Many insurance agencies have chartered themselves (or changed to) sub-chapter S Corporations over the years. The S Corp was the mechanism for obtaining the limited liabilities of a corporation while enjoying the continued benefits of flow-through profits to be taxed only at the individual’s level.
While LLC’s (Limited Liability Corporations) are now the rage, existing corporations find that there are expensive restrictions that prohibit them from changing to this new form of company.
The 1996 Tax Reform Act added thousands of pages of tax law to the books. A few of these regulations have actually helped the course of small businesses. We have already strongly touted the exclusion from taxation of the transfer of certain family owned businesses (Pipeline November, 1997). But more positive twists are being encountered by S Corps as the law has had time to mature. Some of the benefits are:
* An S Corporation can now have wholly owned subsidiaries – for instance, if an agency is acquired and for financial or payout reasons, it must be kept separate, it is now permissible for your S Corp to own another entity. More importantly, in the past if you owned separate corporations and one lost money while the other profited, you couldn’t offset the profits of the latter with the losses of the former. Now, you can have two or more wholly owned subsidiaries and consolidate returns to offset the profits of one with the losses of the other.
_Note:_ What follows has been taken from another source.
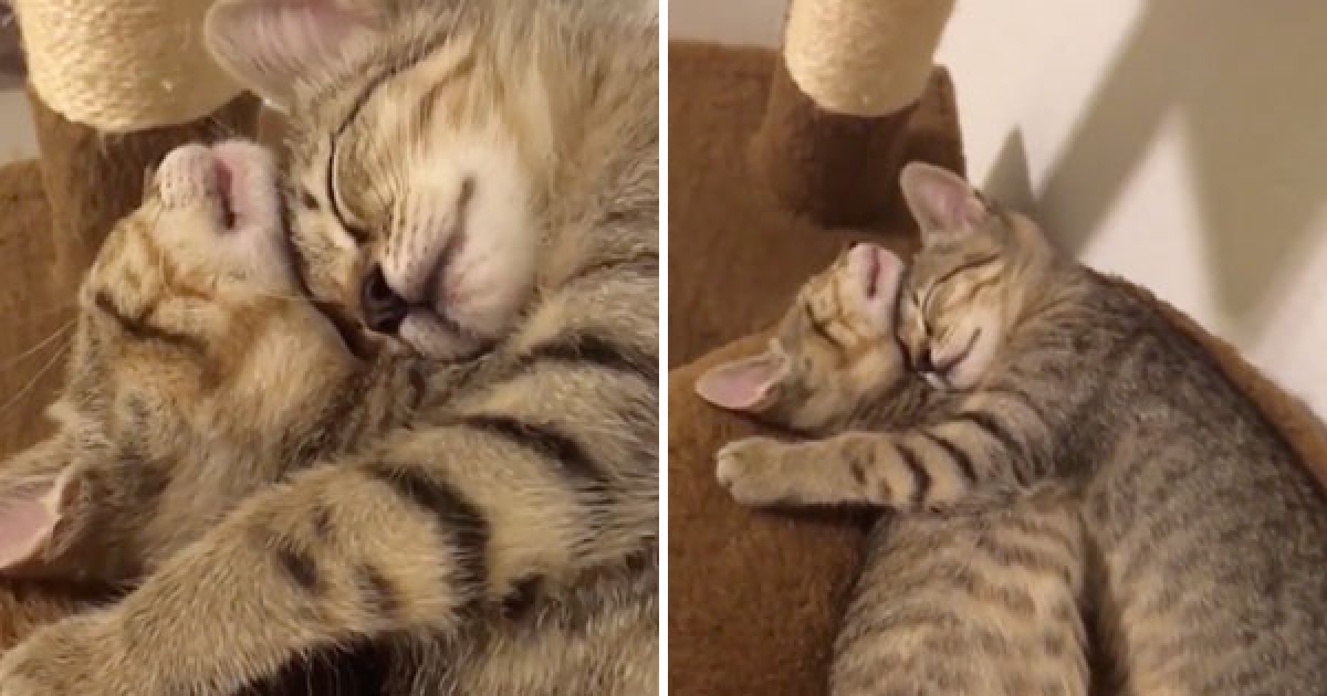 愛到連睡覺也要抱緊處理 貓情侶閃瞎單身狗:不要再傷害我們惹~

* An S Corporation can now have 75 shareholders (the limitation used to be 35). If spouses are involved, you can double that number to 150. This is important in some of the Virtual Insurance Agencies, mergers and acquisitions that are taking place in which many shareholders are involved in the parent company.
* The rules now make it possible to retroactively elect S Corporation status. Previously, if you wanted to move from a regular corporation to an S Corp you had until March 15 to make the change. Now, you can create an S Corp and transfer your C Corp stock into it at any time in the year with the same effect of having the S Corp all year. This is important to businesses who have been losing money and find themselves in a profitable situation mid-year. This method allows you to take advantage of the S Corp pass through of profits.
* An S Corp can now have an ESOP as a shareholder. This has long been a problem with S Corp agencies who wished to begin an ESOP and were forbidden by the restrictive shareholder rules.
Other, more esoteric rules exist that also make S Corps more flexible for small businesses. See your tax professional for more advice on how these rules can help you.